O incidente aconteceu quando os aviões estavam em missão de voo sobre a cidade de Daegu.

Os pilotos sobreviveram à colisão ilesos, mas os danos à aeronave custaram aos militares o equivalente a £ 440.500 em reparos.

O Conselho de Auditoria e Inspeção de Seul disse que o acidente aconteceu porque um piloto queria tirar fotos para comemorar seu último voo com sua unidade militar.

O relatório, publicado hoje, afirma que tirar fotografias em voos marcantes era “uma prática generalizada entre os pilotos da época”, e observou que o piloto manifestou o desejo de fazê-lo num briefing pré-voo.

Ele estava pilotando a aeronave wingman e seguiu a aeronave líder durante a missão, mas quando eles retornaram à base ele começou a tirar fotos em seu celular.

O piloto da aeronave líder então pediu a outro aviador em seu avião para capturar um vídeo da aeronave ala.

O piloto ala então voou seu jato mais alto e virou-o para que pudesse ser melhor capturado pela câmera.

O acidente envolveu dois caças F-15. FOTO DO ARQUIVO: Caças F-15K da Força Aérea Sul-Coreana são retratados durante um exercício em 2016

O acidente envolveu dois caças F-15. FOTO DO ARQUIVO: Caças F-15K da Força Aérea Sul-Coreana são retratados durante um exercício em 2016

Mas esta manobra aproximou demasiado os dois aviões e o avião líder foi forçado a descer rapidamente para evitar um acidente.

No entanto, os dois jatos F-15K eventualmente colidiram, danificando a asa esquerda da aeronave líder e o estabilizador da aeronave ala.

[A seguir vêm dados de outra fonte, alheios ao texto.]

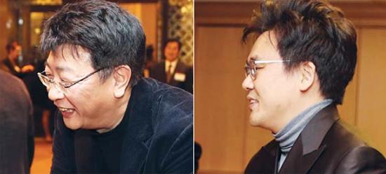 부산 출신의 영화감독 곽경택(왼쪽)과 영화배우 김인권이 행사장에서 참석자들과 인사를 나누고 있다. 박희만 기자
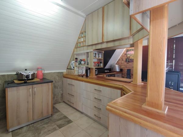 Open plan kitchen with newly fitted kitchen cupboards and stove. The main bedroom leads off the living area. The living area further extends through sliding doors onto a patio with lots of space with beautiful shady trees with a built in braai, birds in abundance on your doorstep. The 2 bedrooms upstairs each lead off onto a balcony. The 1st bathroom has a shower, hand wash basin and toilet, while the 2nd bathroom has a bath, hand wash basin and toilet. extra storage outside. Partially furnished.
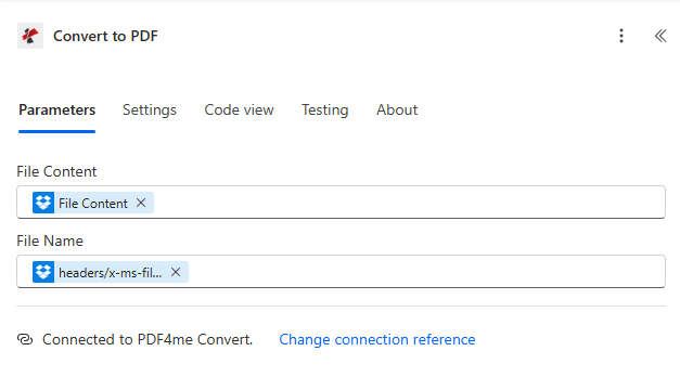- Add PDF – Convert to PDF (PDF4me). Sign in or select your PDF4me connection.
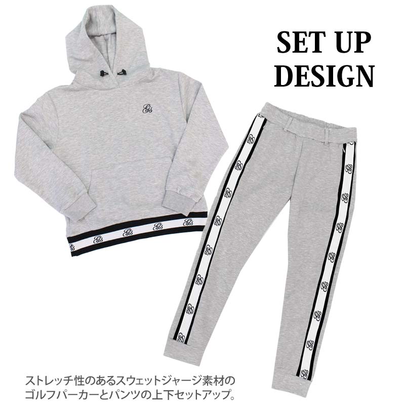 ゴルフプルパーカーとゴルフパンツの上下セットアップ。
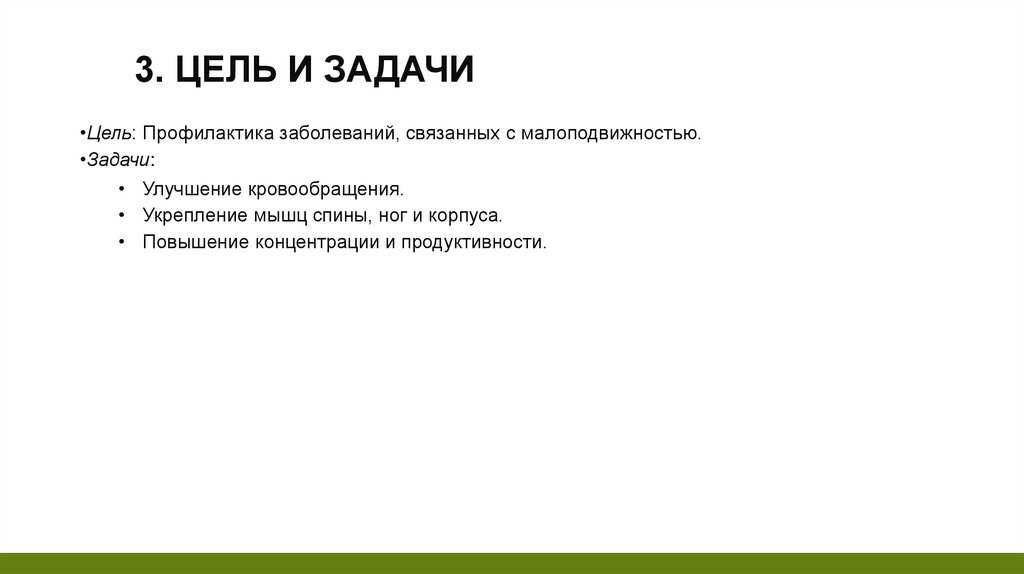 3. ЦЕЛЬ И ЗАДАЧИ•Цель: Профилактика заболеваний, связанных с малоподвижностью.
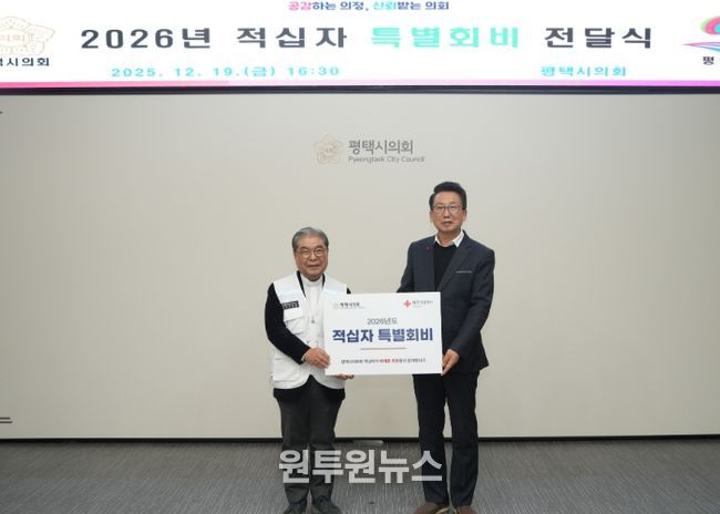 (원투원뉴스) 평택시의회는 19일, 평택시의회 3층 간담회장에서 대한적십자사 경기도지사에 적십자 특별회비 전달식을 가지고 이웃사랑 실천에 동참했다.
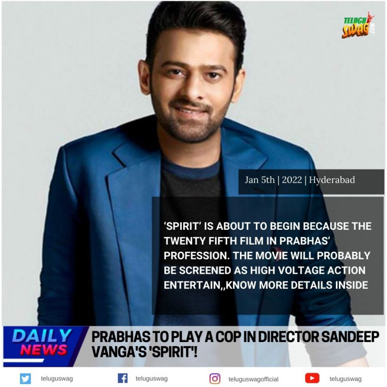 Prabhas to play a cop in director Sandeep Vanga’s ‘Spirit’!
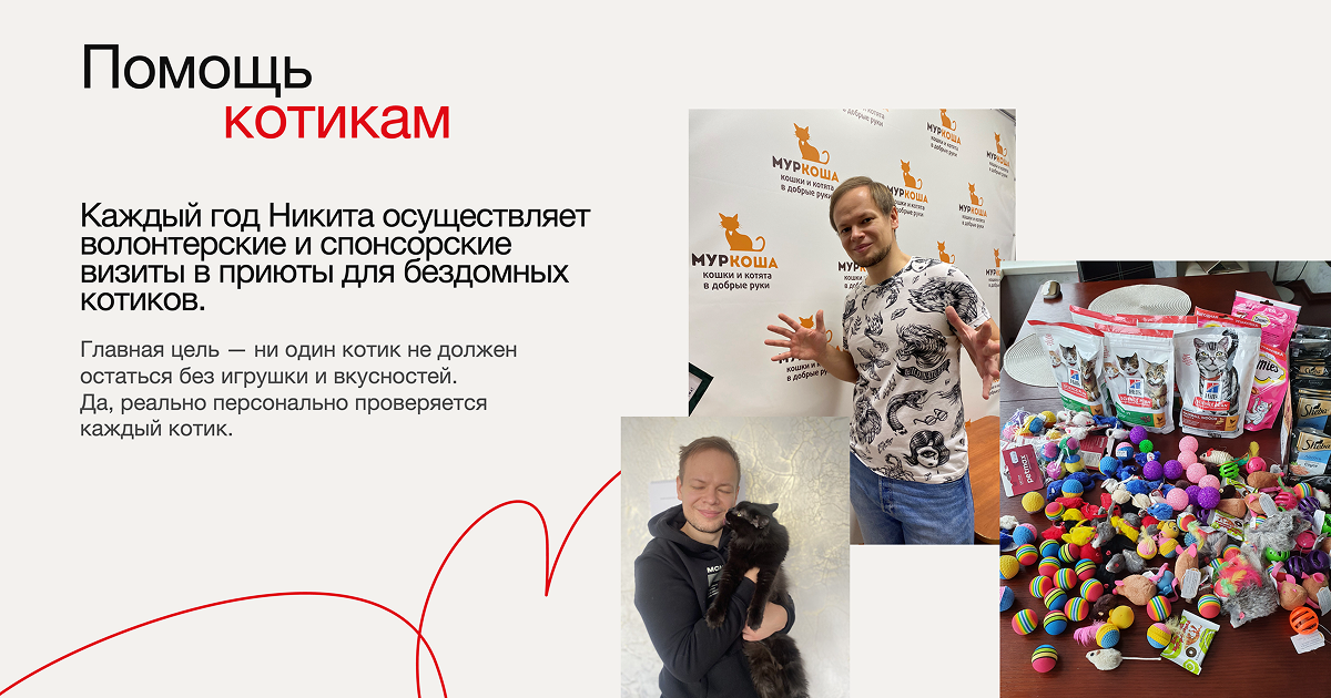А в свободное от работы время Никита занимается волонтерством и спонсирует приюты для бездомных котиков. А как известно, котики правят интернетом =)

A força aérea sul-coreana demitiu o piloto ala após o incidente, mas desde então ele deixou o exército para trabalhar para uma companhia aérea comercial.

A Força Aérea queria multá-lo em 880 milhões de won, cerca de 400 mil libras, para cobrir os custos dos reparos.

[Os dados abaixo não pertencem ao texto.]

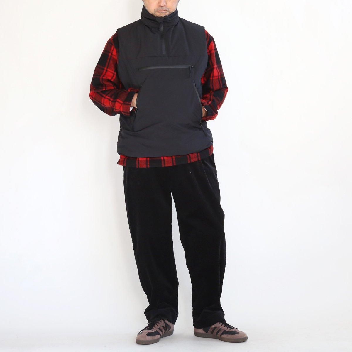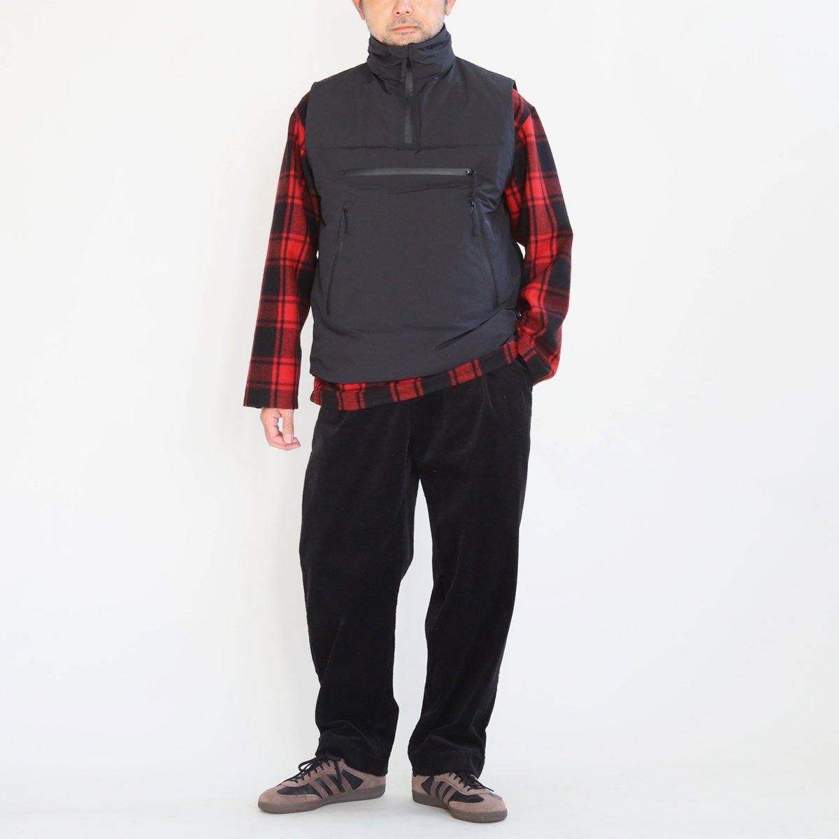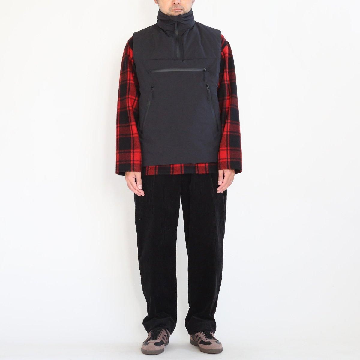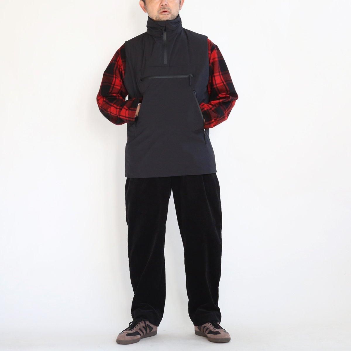 イギリス軍を代表するアイテム「PCS Thermal Smock」を見直し、ベストへアップグレードした一着。オリジナルに忠実なショート丈やサイズ感はそのままに、表生地をEEL Productsオリジナルファブリックのポリエステル/ナイロンを使用し別注。 張りのある独特の風合いと光沢のないマットで落ち着いた生地感が特徴。軽さの中に強度と耐久性をもち、撥水性も兼ね備えています。

O piloto recorreu da multa, solicitando investigação do conselho fiscal.

Ele admitiu que seus movimentos bruscos causaram o acidente, mas afirmou que o piloto da aeronave líder “concordou” em manobrá-lo.

Desde então, o conselho de auditoria decidiu que o piloto ala deveria pagar apenas uma fração da multa e disse que a Força Aérea deveria assumir alguma responsabilidade por não regulamentar o uso de câmeras e telefones pelos pilotos.

O conselho também observou que o ala tinha um bom histórico antes do incidente.

Não está claro se alguma ação foi tomada contra os outros pilotos envolvidos no incidente.